С помощью тетки Марты я обработала Фирины раны, придала его внешности человеческий облик и, доведя до кровати, велела ложиться спать. Фира не спорил и очень скоро угомонился. Уснула в своей комнате и тетка Марта.
Нам же с Лялькой было вовсе не до сна. Происшествия сегодняшнего дня да и прошлой ночи тоже, когда мы наткнулись на дороге на разбитую машину, совершенно выбили нас из колеи.
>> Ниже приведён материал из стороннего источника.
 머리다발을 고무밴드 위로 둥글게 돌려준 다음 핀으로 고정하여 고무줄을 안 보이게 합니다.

— Какая-то странная цепь событий, — сказала я, уже лежа в постели. — Авария на дороге, убийство в тетушкином подъезде... что-то непонятное с Фирой... Ты в привидения веришь?
Лялька отрицательно помотала головой.
— Здесь что-то другое, — сказала она. — Можно было бы, конечно, пойти посмотреть, на что он там в саду мог напороться. Да темно совсем. Все равно ничего не увидим.
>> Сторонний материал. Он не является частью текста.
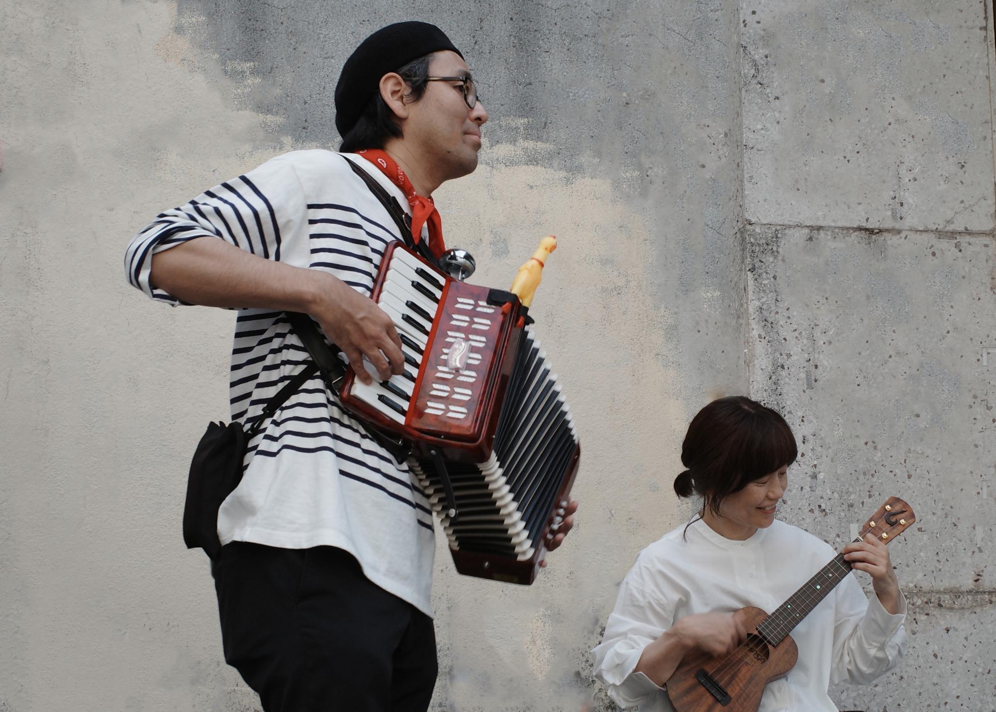 絵本作家&音楽家のMotomitsu Maehara(ミニアコーディオン)と絵本の店キルヤの店主 Noriko Hoshino(ウクレレ)によるユニット「アコレレ」。浜松を拠点に各地のカフェ、ギャラリー、美術館、マルシェ、路上などで活動。絵本の世界観とパリの路上を感じる、楽しくゆるりと踊れるオリジナル曲を中心に、子どもからお年寄りまで、だれもが笑顔になる音色とリズムを奏でる。また絵本と詩の朗読ユニットとしても活動中。

Я с уважением посмотрела на подругу.
Вот какая она смелая. А я бы сейчас ни за что на улицу не вышла, даже под дулом пистолета и с десятью фонарями. Мне лично было бы страшно оказаться ночью в кромешной тьме, в незнакомом саду, где к тому же шляется какое-то привидение.
— Действительно, темно, — согласилась я. — Лучше завтра посмотрим.
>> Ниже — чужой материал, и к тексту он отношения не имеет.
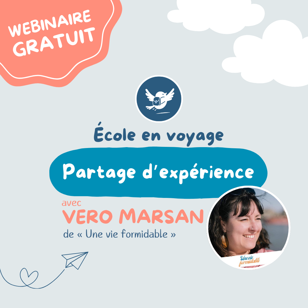 Véro Marsan est accompagnante en parentalité consciente, maman de deux enfants et voyageuse passionnée. Depuis plus de 20 ans, auprès des familles, elle vit l’école à la maison… en voyage. Dans ce webinaire elle te partage son expérience d'école en voyage.

Мы полежали некоторое время молча, наслаждаясь тихой деревенской ночью и соловьиными трелями за окном. Благодать да и только. Вот только думы горькие мешали мне наслаждаться жизнью.
— Ляль, — позвала я, — слышь-ка, а ты как все-таки думаешь, дядьку того, ну... Ковальчука, которого Зоя Адамовна прислала за конвертом, случайно убили или все-таки из-за Максовых документов?
Лялька отвлеклась от слушания соловьев, посопела в раздумье и, повернувшись на бок, сказала:
— Случайных убийств в подъездах не бывает. А если ты имеешь в виду банальное ограбление, то это было не ограбление. Тебе же Макс сам говорил, что ни денег, ни дорогих часов не тронули. Украли только дипломат. — Лялька приподнялась на локте и потерла левый глаз. — Ну сама подумай, какой дурак оставит часы и деньги, а схватит только дипломат, который, кстати сказать, вполне может оказаться пустым или там может лежать батон хлеба и полкило колбасы. Такое, кстати, часто бывает. А бывает еще картошку в дипломатах носят или одну-единственную газетку. И не лень же таскать целый день такой чемодан ради одной газетки. Чудные мужики!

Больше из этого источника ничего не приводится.